Как грустно было бы, если бы не было леса! Высохли бы реки, истощилась бы от зноя и ветра земля. Любите лес! Дальневосточная тайга щедро делится с вами своими богатствами. Она дарит вам семена своих — самых дорогих пород — редчайшего бархатного дерева, маньчжурского дуба, амурского тополя, неповторимой аралии. Она стоит зеленым щитом у порога вашего счастья. Любите лес!..
После завтрака Кирилл представил учителю «бригаду охотников».
— К вечеру, чтобы все, как один, были здесь! — предупредил Николай Павлович.
А те, кто остались у Горячего Ключа, сели в тесный круг и принялись обсуждать, кем они станут в будущем. Особенно любили помечтать девочки. Сперва говорили тихо, потом страсти разгорелись. Когда не могли друг друга переспорить, начинали кричать так громко, что чуткое лесное эхо повторяло этот крик по всей тайге.
— Буду-у-у-у учительницей! — объявила Уля.

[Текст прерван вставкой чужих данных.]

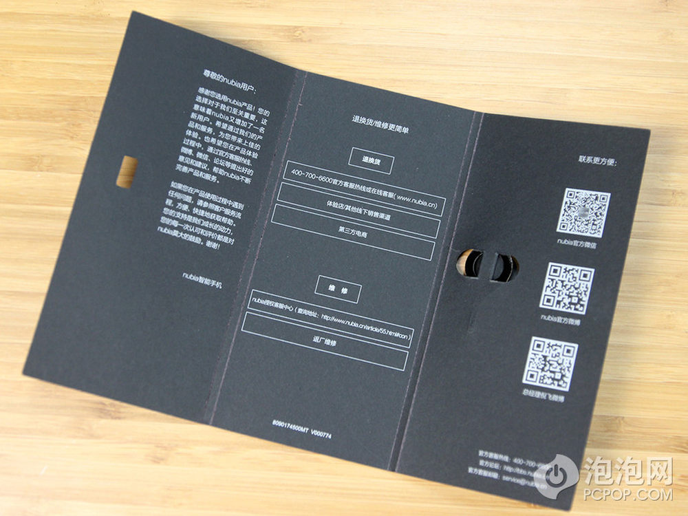 在配件中还有nubia致消费者的一封信,上面介绍了nubia手机的售后情况。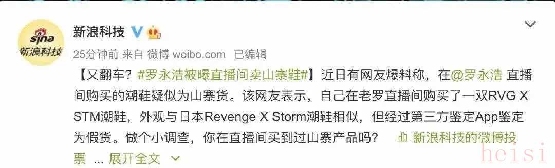 不过,新浪科技在发布罗永浩公司的澄清声明不久,又借助《又翻车?#罗永浩被曝直播间卖山寨鞋#】》的新闻,发起话题讨论,询问用户是否在罗永浩直播间买到过山寨产品?
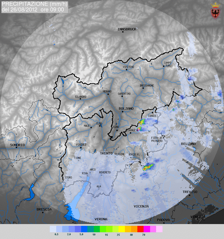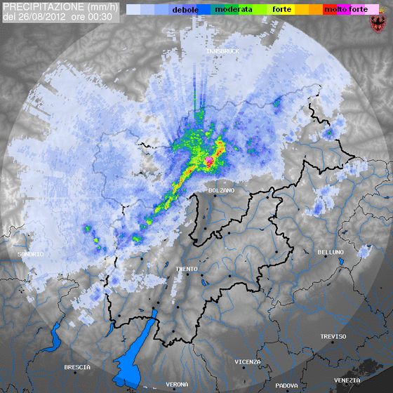 26/08/2012 - perturbazione decisamente inferiore alle attese, Levico saltata dalle precipitazioni nella notte

— Я врачо-о-ом! — кричала Валя. Учитель еле успокоил их:
— Нет, друзья мои, мечты такими дикими воплями не выражают. Давайте говорить тихо и не все сразу… Ну, вот ты, Валя, мечтаешь быть врачом. Расскажи толком, спокойно: почему врачом?

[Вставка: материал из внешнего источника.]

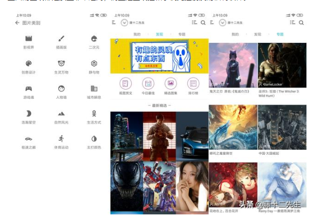 图片的类别分为:影视界、插画版、二次元、创意设计、生灵万物、静与物、游戏魂、人物墙、城市瞬息、浩瀚星空、自然风光、生活方式、极速之巅、体育运动、主打颜色。
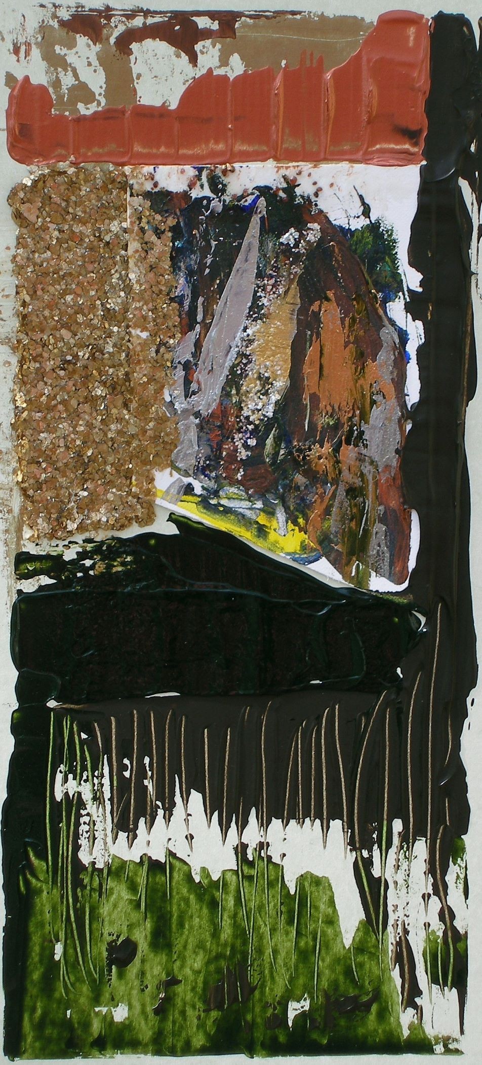 Acrylic on acid free matboard with mica stone. Framed in black wood. 19 x 39

Валя откинула назад волосы, прихватила их стальной дужкой:
— Я хочу стать первым орочским врачом. Лечить наших людей, чтобы они больше никогда, никогда не болели. Почему осталось нас, орочей, так мало? А потому, что в прежнее время здесь не было доктора!
— Теперь у нас доктор есть, — перебил Мишка.
— Он не ороч!
— Все одинаково!
— Пускай одинаково. А я все равно хочу на доктора выучиться…

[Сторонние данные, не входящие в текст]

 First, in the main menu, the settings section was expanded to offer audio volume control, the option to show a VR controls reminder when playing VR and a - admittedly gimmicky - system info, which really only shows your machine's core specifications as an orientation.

— Правильно, Валя. Молодец! Ну, а ты, Уля?
— У меня, Николай Павлович, то же самое, что у Вали, только она будет доктором, а я — учительницей. Мне очень нравится, как нас учат в школе учительницы. Сижу на уроке и все время смотрю на них, а сама думаю: очень интересно знать много и учить других, чтобы они тоже знали. — И, чтобы не обиделся Сидоров, добавила: — Вот и вы тоже, Николай Павлович… Наверно, когда еще ходили в школу, вы тоже завидовали своим учителям. Поэтому, наверно, и стали потом учителем.
Сидоров не стал возражать. Ведь, в сущности, Уля была права. И то, что девочки убедительно и серьезно выражали свои мысли, радовало его.